Twitter urges all its more than 330 million users to immediately change their passwords after an error exposed them in plain text. While the Twitter investigation showed that there was no evidence of a violation or incorrect use of unmasked passwords, the company recommends that users change their Twitter passwords for "a lot of caution," both on the site and Anywhere else they may have used that password, which includes third-party applications like Twitterrific and TweetDeck.
According to Twitter the error occurred due to a problem in the hash process that masks the passwords replacing them with a random string of characters that are stored in the Twitter system. But due to an error with the system, apparently the passwords were saved in plain text in an internal registry, instead of masking them with the hash process. Twitter claims to have found the error itself and removed the passwords, in addition to working to ensure that similar problems do not recur.

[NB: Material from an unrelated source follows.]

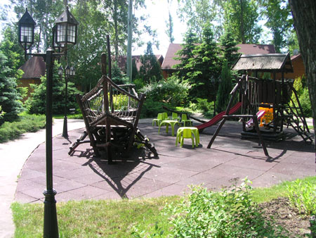 Сначала важно правильно выбрать подходящее место на участке для ее размещения. Чтобы взрослые были спокойны и могли наблюдать за играющими детьми, лучше, если площадка будет расположена перед окнами комнаты, где чаще находятся взрослые (кухня, гостиная, кабинет). Так спокойнее и маме, и ребенку. Важно, чтобы место игр было хорошо освещено, но при этом часть площадки (около 1/3, но не более половины) стоит притенить (навес или садовый зонт, ажурная тень от дерева или сплошная - от строения). В глубокой тени детскую площадку располагать не стоит, поскольку здесь долго не тает снег, после полива или дождя медленно просыхают почва, мощение или специальное покрытие. Лучше если детский уголок хорошо проветривается (глухое ограждение не годится), однако избегайте сквозняка, т.е. между домом и кирпичным забором место совсем не подходящее. В крайнем случае, ситуацию можно исправить высадкой изгороди из кустарников или трельяжами, увитыми плетистыми растениями, которые устраняют сквозняки, но оставляют возможность проветривания.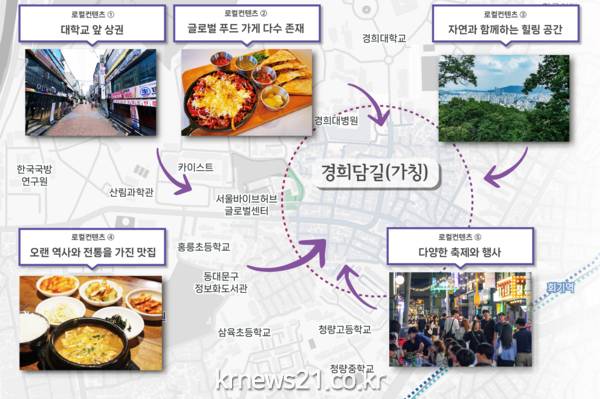 ‘경희담길’은 ‘경희+이야기가 흐르는 거리’라는 뜻으로, 오랜 역사를 지닌 경희대 앞 상권의 청춘 감성을 반영해 붙여진 이름이다. 이곳은 문화·미식·관광이 어우러진 지역으로 청년과 외국인이 함께 어울리는 활기찬 분위기를 자랑한다.

We recently encountered an error that stored the unmasked passwords in an internal register. We solve the error and we have no indication of non-compliance or misuse by anyone. As a precautionary measure, consider changing your password in all the services in which you have used this password. https://t.co/RyEDvQOTaZ
– Twitter Support (@TwitterSupport) May 3, 2018
Twitter has not revealed how many user passwords may have been compromised or how long the error was. expose passwords before it finds and solved the problem. But the fact that the company requires the entire user base to change its passwords indicates that it would appear to be a significant number of users.